Instaforex Analysis

Forex broker related topics and discussions

Re: Instaforex Analysis

Postby IFX Bella » Mon May 05, 2025 5:55 am

Forex Analysis & Reviews: EUR/USD Overview – May 5: A New Week of Ordeals for the Dollar

Image

The EUR/USD currency pair remained flat on Friday. The day saw both upward and downward movements. It is a notable achievement for the dollar that it has appreciated over the past five trading days rather than declined. While we constantly mention the irrational nature of recent movements—as the market has mostly been driven by the "Trump factor" in recent months—last week's U.S. macroeconomic data largely pointed to another wave of dollar depreciation, and Donald Trump remained silent on the trade war. Therefore, the U.S. dollar could easily have ended the week with significant losses, but that didn't happen, again underscoring the market's illogical behavior. We won't focus too much on Friday's U.S. data as the market broadly ignores data releases. What was so positive on Friday? That April's Nonfarm Payrolls beat forecasts? So what if the March figure was revised downward? The unemployment rate didn't change—what's optimistic about that? Wages showed no significant changes. And there were no other major reports. Meanwhile, earlier in the week, the GDP report disappointed, pointing toward an approaching recession in the U.S. economy. If the U.S. labor market still holds up, that may be temporary. That said, we'd note that the dollar could indeed rise in the near term. This could happen simply because it has been falling for several months. Of course, if Trump tomorrow revokes concessions and escalates the trade war again, the dollar will likely collapse. However, the market has already priced up in the current round of Trump's sanctions. Technical corrections are still a natural part of the market cycle. In short, the worst-case scenario has already played out. Therefore, the dollar may stop falling if no further trade war escalation occurs. Currently, the Federal Reserve is the main threat to the U.S. currency. No one on the market seems to understand what the U.S. central bank will do next. If it rushes to rescue the economy, rate cuts are a bearish signal for the dollar. But if it aims to maintain inflation at a steady 2%, then rates likely won't be cut anytime soon, and the market won't have a new reason to sell the dollar. We expect a correction for now, but the hourly timeframe clearly shows that the pair has been trading within a sideways channel for over three weeks. The 1.1274 level, which serves as the lower boundary of this channel, still hasn't been broken. Flat conditions will persist as long as the price remains in the channel.

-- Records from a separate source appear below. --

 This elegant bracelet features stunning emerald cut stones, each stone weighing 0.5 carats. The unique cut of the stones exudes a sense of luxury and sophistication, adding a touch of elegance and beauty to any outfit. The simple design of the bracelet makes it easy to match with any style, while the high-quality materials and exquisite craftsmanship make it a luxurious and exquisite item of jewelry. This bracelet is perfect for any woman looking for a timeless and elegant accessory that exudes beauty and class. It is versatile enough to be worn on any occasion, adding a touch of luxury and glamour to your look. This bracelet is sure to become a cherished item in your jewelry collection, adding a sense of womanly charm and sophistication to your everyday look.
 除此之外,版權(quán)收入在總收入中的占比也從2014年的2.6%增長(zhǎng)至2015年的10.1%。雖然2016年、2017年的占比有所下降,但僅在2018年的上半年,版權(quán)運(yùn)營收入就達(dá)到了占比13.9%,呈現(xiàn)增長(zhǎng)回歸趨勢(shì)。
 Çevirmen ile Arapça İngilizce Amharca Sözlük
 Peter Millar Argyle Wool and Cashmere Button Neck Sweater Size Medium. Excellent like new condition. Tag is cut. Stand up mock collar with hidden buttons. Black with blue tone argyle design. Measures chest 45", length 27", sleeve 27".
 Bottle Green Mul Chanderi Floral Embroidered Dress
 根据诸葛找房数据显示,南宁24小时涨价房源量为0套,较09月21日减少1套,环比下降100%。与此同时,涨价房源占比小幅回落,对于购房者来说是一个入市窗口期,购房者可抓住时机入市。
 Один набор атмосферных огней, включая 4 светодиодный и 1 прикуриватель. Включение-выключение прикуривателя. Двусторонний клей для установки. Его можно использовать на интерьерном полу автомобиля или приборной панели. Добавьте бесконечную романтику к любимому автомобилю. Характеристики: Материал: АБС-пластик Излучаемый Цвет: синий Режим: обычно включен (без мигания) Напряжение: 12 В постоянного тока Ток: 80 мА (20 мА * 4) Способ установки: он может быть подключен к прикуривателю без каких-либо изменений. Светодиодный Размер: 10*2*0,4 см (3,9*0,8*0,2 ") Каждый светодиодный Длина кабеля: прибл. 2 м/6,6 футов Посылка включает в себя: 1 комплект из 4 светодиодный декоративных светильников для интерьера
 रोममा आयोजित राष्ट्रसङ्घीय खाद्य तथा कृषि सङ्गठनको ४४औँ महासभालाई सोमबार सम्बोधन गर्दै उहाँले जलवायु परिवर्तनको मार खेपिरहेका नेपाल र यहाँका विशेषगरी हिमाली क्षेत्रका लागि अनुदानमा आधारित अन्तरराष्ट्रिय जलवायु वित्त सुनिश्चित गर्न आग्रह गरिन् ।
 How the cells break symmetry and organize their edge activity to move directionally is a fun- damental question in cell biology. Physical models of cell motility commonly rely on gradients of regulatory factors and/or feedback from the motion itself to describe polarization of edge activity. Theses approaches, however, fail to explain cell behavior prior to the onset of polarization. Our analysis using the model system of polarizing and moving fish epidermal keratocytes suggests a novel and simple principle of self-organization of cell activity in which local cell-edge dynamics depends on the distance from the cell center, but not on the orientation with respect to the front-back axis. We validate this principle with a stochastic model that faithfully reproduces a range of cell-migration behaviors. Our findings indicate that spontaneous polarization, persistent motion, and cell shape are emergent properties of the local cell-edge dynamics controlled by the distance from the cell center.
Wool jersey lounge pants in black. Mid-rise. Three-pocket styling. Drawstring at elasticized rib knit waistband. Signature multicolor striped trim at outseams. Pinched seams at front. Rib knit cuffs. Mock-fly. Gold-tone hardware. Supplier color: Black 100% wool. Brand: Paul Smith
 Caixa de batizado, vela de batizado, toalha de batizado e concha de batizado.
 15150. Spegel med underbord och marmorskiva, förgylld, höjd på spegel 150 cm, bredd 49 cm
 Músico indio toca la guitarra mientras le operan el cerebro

The EUR/USD pair's average volatility over the last five trading days as of May 5 is 82 pips, which is considered "average." On Monday, we expect the pair to move between 1.1218 and 1.1382. The long-term regression channel is directed upward, indicating a short-term uptrend. The CCI indicator has entered the overbought area three times recently, resulting in only a minor correction. Nearest Support Levels: S1 – 1.1230 S2 – 1.1108 S3 – 1.0986 Nearest Resistance Levels: R1 – 1.1353 R2 – 1.1475 R3 – 1.1597 Trading Recommendations: EUR/USD has begun a new round of downward correction within a broader uptrend. For months now, we've maintained that we expect the euro to fall in the medium term, and that hasn't changed. The dollar still lacks reasons for a medium-term rally—except for Donald Trump. However, that one reason alone has continued to drag the dollar lower, and the market is ignoring all other factors for now. If you trade based purely on technicals or Trump headlines, then long positions remain relevant as long as the price is above the moving average, with a target at 1.1475. If the price is below the moving average, short positions are appropriate, with targets at 1.1230 and 1.1218. It's hard to believe in a strong dollar rally, but a dollar rebound is still possible. Explanation of Illustrations: Linear Regression Channels help determine the current trend. If both channels are aligned, it indicates a strong trend. Moving Average Line (settings: 20,0, smoothed) defines the short-term trend and guides the trading direction. Murray Levels act as target levels for movements and corrections. Volatility Levels (red lines) represent the likely price range for the pair over the next 24 hours based on current volatility readings. CCI Indicator: If it enters the oversold region (below -250) or overbought region (above +250), it signals an impending trend reversal in the opposite direction.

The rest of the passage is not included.